Civil and Human Rights

Stanley v. City of Sanford

In Stanley v. City of Sanford, the Supreme Court is considering whether the Americans with Disabilities Act protects against disability discrimination with respect to retirement benefits distributed after employment. 

Case Summary

Lt. Karyn Stanley served her community as a firefighter for nearly two decades until Parkinson’s disease forced her to retire early. But once she retired, she discovered her employer had changed its benefits plan: “normal” retirees would receive a health insurance subsidy until they turned 65, but “disabled” retirees like Lt. Stanley would only be covered for two years. 

To remedy this blatant disparate treatment, Lt. Stanley sued her employer under the Americans with Disabilities Act (ADA), invoking Title I of the Act which prohibits discrimination “against a qualified individual on the basis of disability” in “compensation” and “other terms, conditions, and privileges of employment,” including “fringe benefits.” But the federal district and U.S. Court of Appeals for the Eleventh Circuit rejected her claim, construing Title I as limited to prohibiting discrimination against current—not former—employees. Stanley petitioned the Supreme Court to hear her case and the Court agreed to do so. 

CAC filed an amicus brief in support of Stanley in the Supreme Court explaining that the Eleventh Circuit’s decision is at odds with the text and history of the ADA. Our brief makes five points. 

First, retirement benefits distributed post-employment are subject to Title I’s protection against discrimination in “employee compensation” and the “terms, conditions, and privileges of employment.” Congress provided examples of actionable discrimination that, by their terms, plainly apply to discrimination with respect to post-employment retirement benefits, and the Supreme Court has repeatedly stated that the term “fringe benefits” includes post-employment benefits.  

Second, discrimination with respect to fringe benefits is actionable even if it occurs after the period of active employment has ended. Title I’s definition of unlawful “discrimination” provides no limit on when the discrimination must occur to be actionable under the ADA. At the same time, Title I’s enforcement provision specifically incorporates the powers, remedies, and procedures of Title VII, which reach discrimination whenever it occurs.  

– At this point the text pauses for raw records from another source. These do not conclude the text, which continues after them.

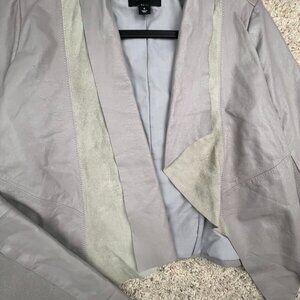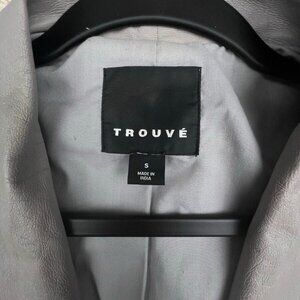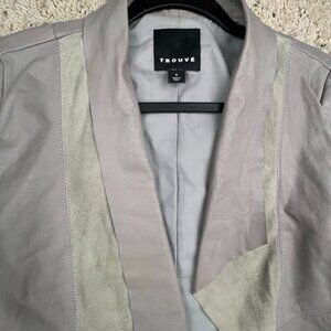 Trouve Leather Jacket Moto Biker Gray Solid Long Sleeve Open Front Genuine Small
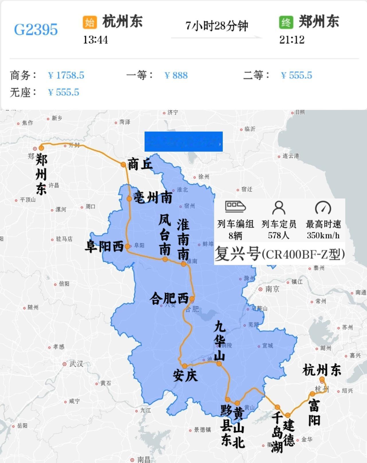 郑州东到九华山G2396/G2397次 杭州东到郑州东G2395/G2398次 G2396次是郑州到九华山唯一一趟高铁,郑州东站7点55分开,12点40分到九华山站,用时4小时45分钟。
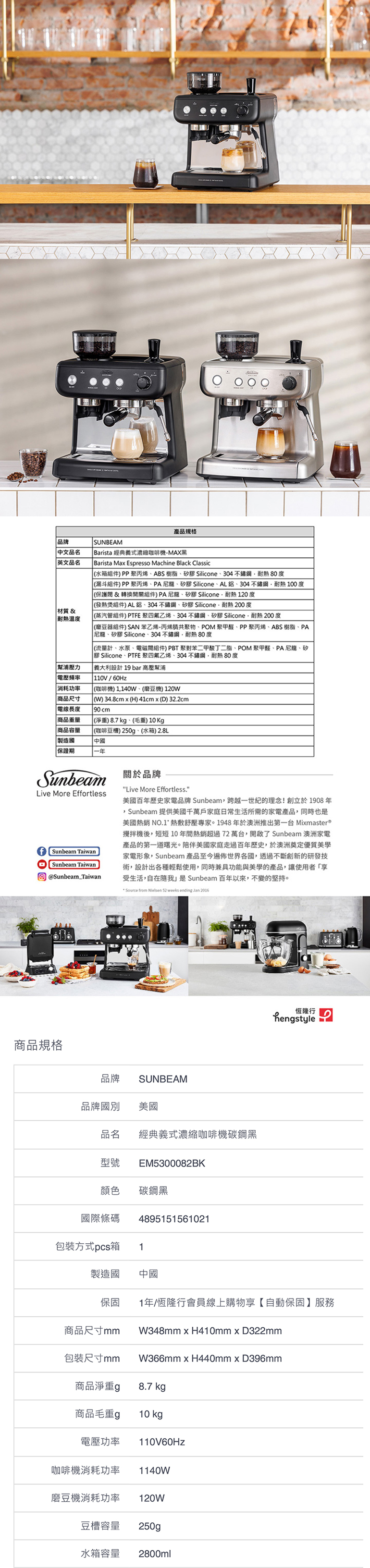 實用配件:58毫米咖啡手柄,填壓器,460ml不鏽鋼杯,2個濾網(單份和雙份),清潔針,清潔小刷子
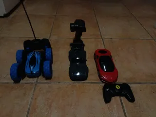 Conjunto de coches radiocontrol teledirigidos. - Coche azul con ruedas grandes. Para hacer trompos y subir por cualquier lugar Porche con posibilidad de hacer drift Ferrari igual que el porche aunque el giro a veces se bloquea hacia un lado Funciona muy bien excepto el Ferrari que tiene ese fallito con sus mandos, los doy sin pilas, el porche el mando va con Pilar y elmcoche con batería. El precio es por los 3 Utilizan pilas AA y AAA puedo llevarlas para probar pero si las dejo puestas serían 15€ los 3
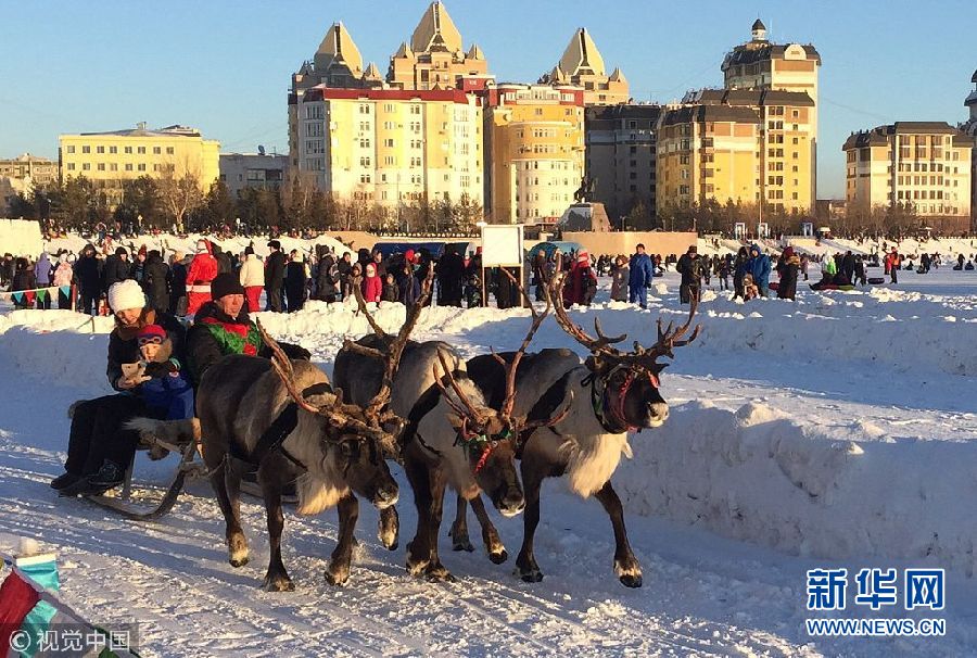 当地时间2018年1月1日,哈萨克斯坦首都阿斯塔纳民众在伊希姆河上享受冰雪乐趣,庆祝新年。图为民众乘坐驯鹿雪橇。(图片来源:视觉中国)

Third, the Eleventh Circuit erred by construing the definition of “qualified individual” in Title I as imposing a substantive limit on when actionable discrimination must occur. The court held that because Title I defines a “qualified individual” as “an individual who, with or without reasonable accommodation, can perform the essential functions of the employment position that such individual holds or desires,” and a retiree does not “hold or desire” a position with her former employer, a retiree can never be a “qualified individual” who experiences actionable discrimination under the ADA.  

But as we explain, the court below fundamentally misunderstood the role of the definition of the term “qualified individual” in Title I’s statutory scheme. That definition makes clear that if an individual “holds or desires” an employment position, he or she must be able to perform the “essential functions” of that position, with or without a reasonable accommodation. The verbs “holds” and “desires” are written in the present tense because they refer to the time when a person must be capable of “performing the essential functions of the employment position,” not the time when actionable discrimination must occur. 

Fourth, the decision below undermines Congress’s avowed effort to create a comprehensive remedy for employment discrimination on the basis of disability. The testimony leading up to the passage of the ADA repeatedly emphasized that workers with disabilities faced discrimination involving the “benefits for their health and retirement.” And Congress’s secondary interest in reducing dependence on government services by people with disabilities, including during the post-employment period, is at odds with the interpretation of Title I espoused by the Eleventh Circuit.  

Fifth, and finally, Title I of the ADA was modeled on Title VII of the Civil Rights Act of 1964, which prohibits employment discrimination based on race, color, religion, sex, and national origin. Interpreting the former but not the latter to bar suit by former employees would cause anomalous results. Lawmakers repeatedly made clear that they sought to provide protections under the ADA that were “identical” to the civil rights protections available under Title VII, which cover former employees. But now, in the Eleventh Circuit, if two retirees experience the exact same discrimination—with the exception that one individual’s employer unlawfully distinguishes on the basis of sex, while the other does so on the basis of disability—their cases may result in different outcomes. That would directly subvert Congress’s plan for the statute.